Trust by Design: Skill Profiles for Transparent, Cost-Aware LLM Routing
Mika Okamoto, Ansel Kaplan Erol, Glenn Matlin
TL;DR
This paper tackles the problem of deploying LLMs under real-world budget constraints by introducing BELLA, a framework that grounds model selection in interpretable, multi-skill profiles derived from critic-based analyses of model outputs. It decomposes task performance into granular skills, clusters them into a structured capability matrix, and solves a constraint-aware optimization to maximize expected performance within a budget, while providing transparent, natural-language rationales for recommendations. The key contributions include critic-based skill profiling without predefined taxonomies, a matrix-based representation (C, R, c) that supports various retrieval and prediction strategies, and a leave-one-out evaluation framework to assess generalizability and cost-performance trade-offs on financial reasoning benchmarks. BELLA’s emphasis on interpretability and principled cost-aware decision-making offers a practical path to trustworthy, resource-efficient LLM deployment across domains with diverse skill requirements and constraints.
Abstract
How should Large Language Model (LLM) practitioners select the right model for a task without wasting money? We introduce BELLA (Budget-Efficient LLM Selection via Automated skill-profiling), a framework that recommends optimal LLM selection for tasks through interpretable skill-based model selection. Standard benchmarks report aggregate metrics that obscure which specific capabilities a task requires and whether a cheaper model could suffice.

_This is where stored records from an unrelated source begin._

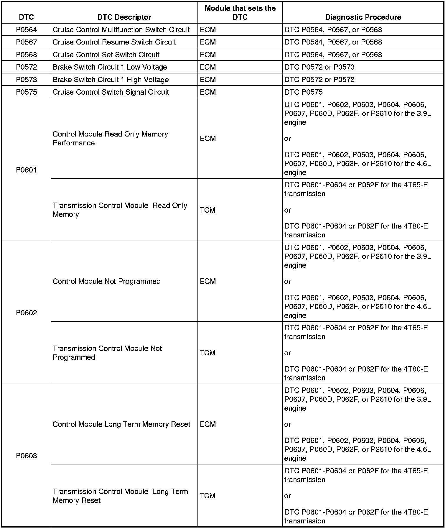 P0564 - P0603:
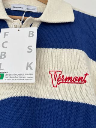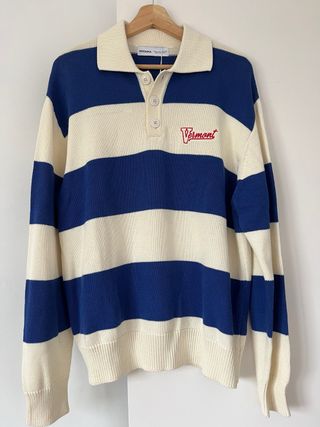 Jersey de punto con rayas horizontales en azul y beige. Presenta un cuello tipo polo con botones y un bordado de Vermont en el pecho. - Diseño de rayas. - Cuello polo con botones. - Bordado Vermont en el pecho.
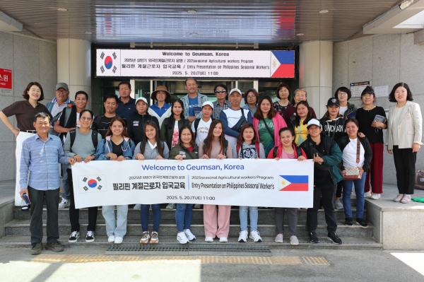 이들은 지난 2023년 필리핀 사블라얀시와의 우호협력 업무협약을 통해 선발된 인력으로 고용주 사전협의 및 비자 발급 등 엄격한 절차를 거쳐 선정됐으며 5개월간 금산군의 농가에 배정돼 깻잎과 상추 수확 등 작업에 투입될 예정이다.
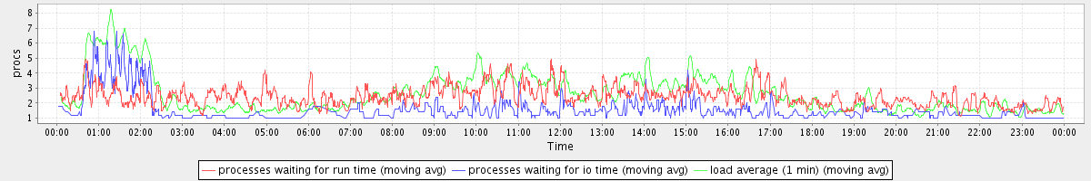 avg(processes waiting for run time) = 1.86 avg(processes waiting for io time) = 0.78 avg(load average (1 min)) = 2.65
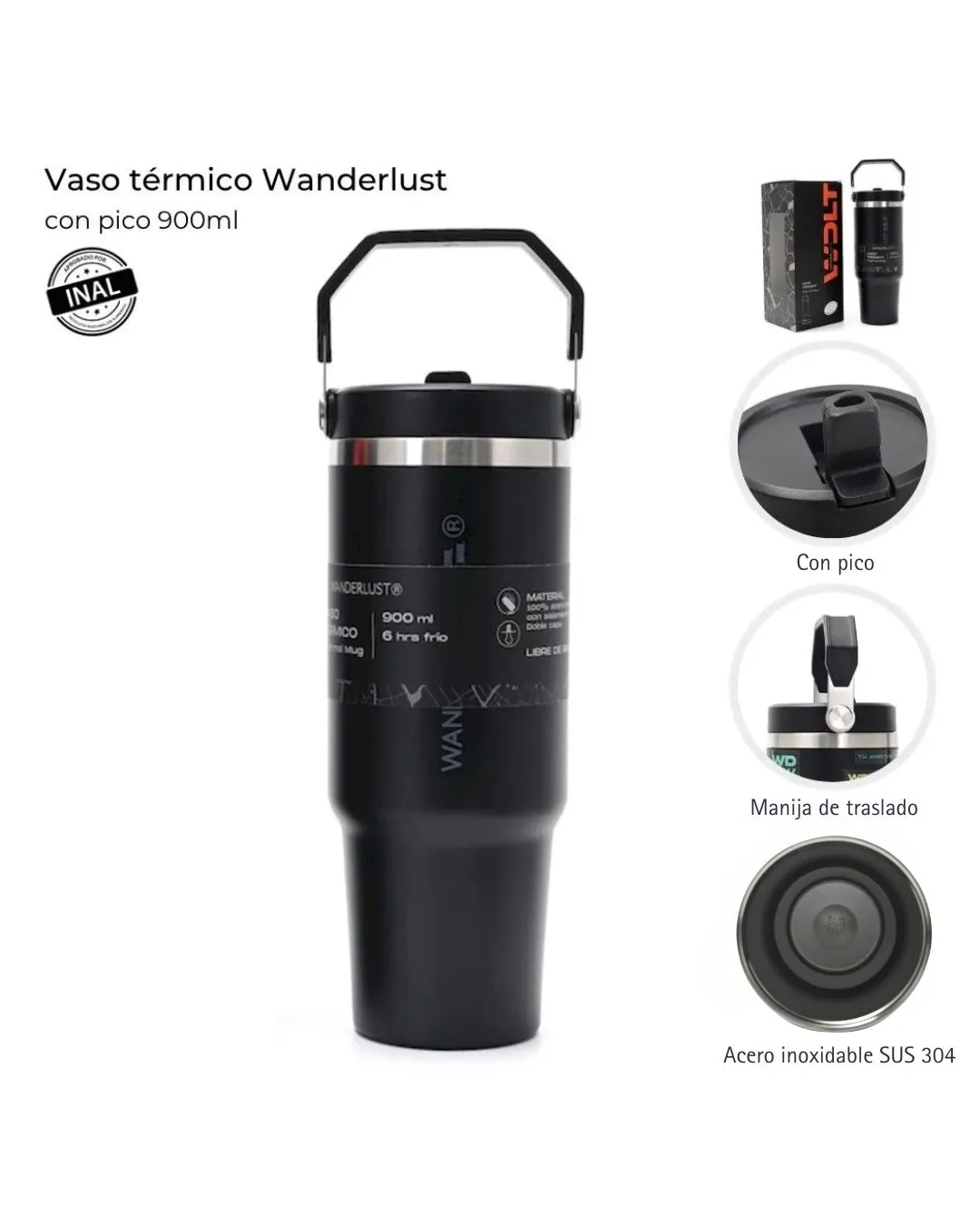 El Vaso Térmico Wanderlust 900 mL está diseñado para acompañarte en la aventura, en la rutina y en cada momento en el que quieras disfrutar tu bebida favorita a la temperatura ideal. Fabricado en acero inoxidable de doble capa y con aprobación INAL, mantiene tus bebidas frías o calientes hasta 6 horas, ofreciendo una experiencia práctica, cómoda y segura estés donde estés.
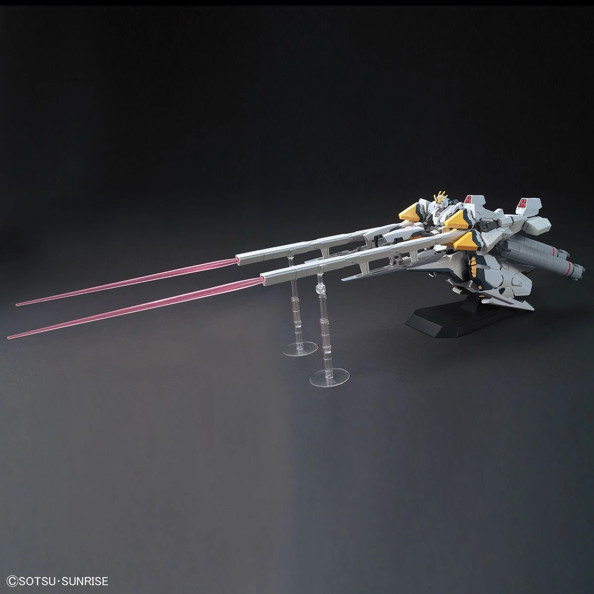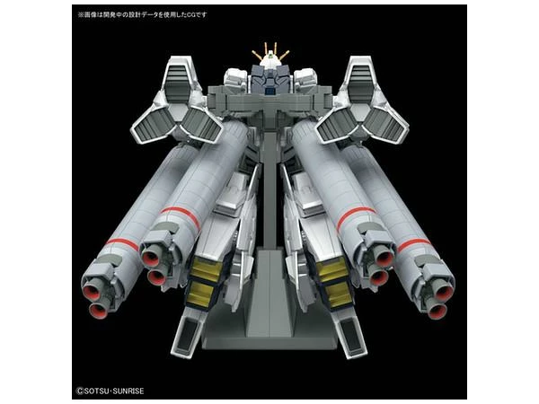 A test type unit created exploring technologies that would eventually lead to the Nu Gundam, the Narrative Gundam from “Gundam NT” is featured here with its A-Packs equipment used in Operation Phoenix Hunt.” Narrative features new articulation gimmicks in its construction and features a large amount of detail from molded missiles in the missile pod hatches to large propllant tanks and beam effects. Included are 2 beam sabers, dedicated display stand, stands for its cannons, and effect parts.
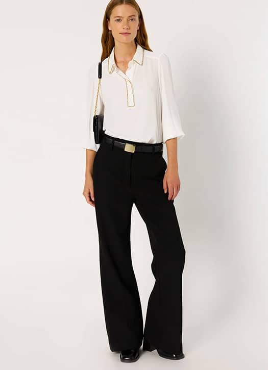 Les réductions, c’est aussi l’occasion de s’offrir de vrais beaux basiques, ceux qui durent et sauvent n’importe quel look en conférant une allure chic à souhait. Gérard Darel maîtrise le sujet à la perfection. On a flashé sur ce pantalon évasé en jersey, presque à moitié prix : il passe du mode réunion au mode soirée sans même demander la permission. Bref, le genre d’investissement intelligent qu’on adore.
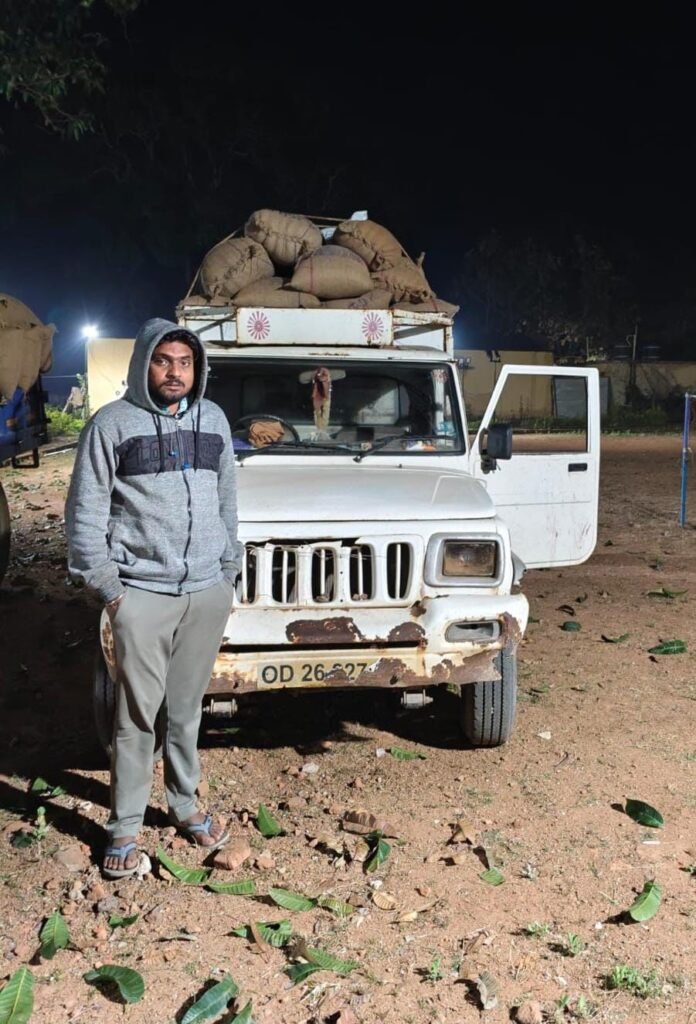 •वाहन क्रमांक OD-26-8272 से 58 कट्टा धान जप्त किया गया।
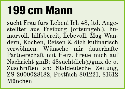 Rubrik: Bekanntschaften Er sucht Sie
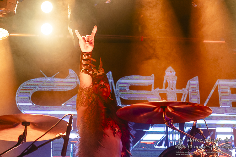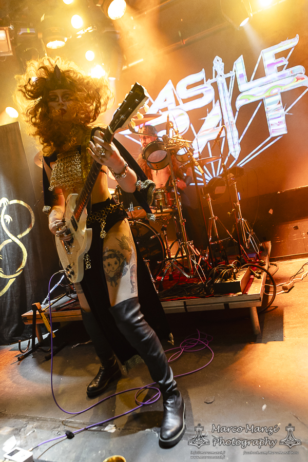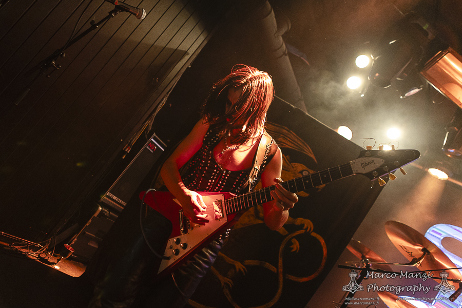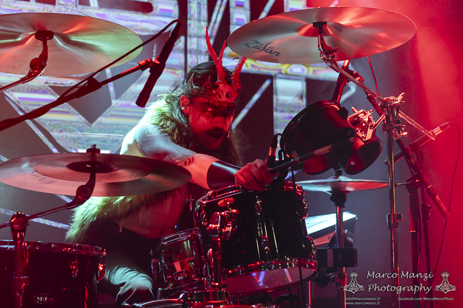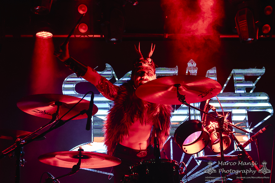 Of course there is much more to it, as the young band lead by The Rat Queen delivered some well-executed good old-school doom that brought back several nostalgic memories, and a show rich of entertainment from start to finish: from the story of how the lead guitarist The Count (now played by Franco Vittore) was killed by the scythe-weilding, latex wearing evil creature The Rat Reaperess, and then given a potion provided by The Plague Doctor (bass) he came back to life as a vampire; or the continuous fight to expand and protect “The Realm” precisely from foes such as the aforementioned The Rat Reaperess, or “Death Herself,” which later had a fight with the frontwoman in which the former appeared to be defeated, only to come back and kill our heroine which in turn was later brought back to life once again by The Plague Doctor as well… (yes, there was a lot going on – and everything was happening in front of the watchful eyes of The All-Seeing Druid behind the drums).
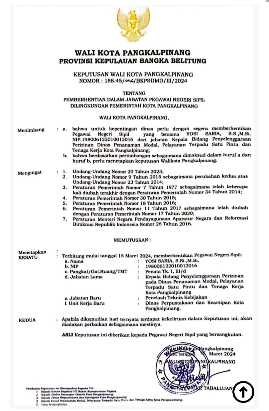 Dalam SK yang beredar tersebut, Pj, Walikota Pangkalpinang menandatangani SK yang memutuskan dan menetapkan, Terhitung mulai Tanggal 15 Maret 2024 Pemerintah Kota Pangkalpinang resmi memberhentikan Pegawai Negeri Sipil Atas Nama Yosi Saria S.Si,.M.Si. dengan Nomor Induk Pegawai (NIP) 198006122010012016 yang sebelumnya menjabat sebagai Kepala Bidang (Kabid) Penyelenggaraan Perizinan pada Dinas Penanaman Modal, Pelayanan Terpadu Satu Pintu (DPMPTSP) dan Tenaga Kerja Kota Pangkalpinang yang kini di Non jobkan ke unit kerja baru Dinas Perpustakaan dan Kearsipan Pemerintah Kota Pangkalpinang dengan Jabatan baru sebagai Penelaah Teknis Kebijakan.

BELLA addresses this gap through three stages: (1) decomposing LLM outputs and extract the granular skills required by using critic-based profiling, (2) clustering skills into structured capability matrices, and (3) multi-objective optimization to select the right models to maximize performance while respecting budget constraints. BELLA provides natural-language rationale for recommendations, providing transparency that current black-box routing systems lack. We describe the framework architecture, situate it within the landscape of LLM routing and evaluation, and discuss its application to financial reasoning as a representative domain exhibiting diverse skill requirements and cost-variation across models. Our framework enables practitioners to make principled and cost-performance trade-offs for deploying LLMs.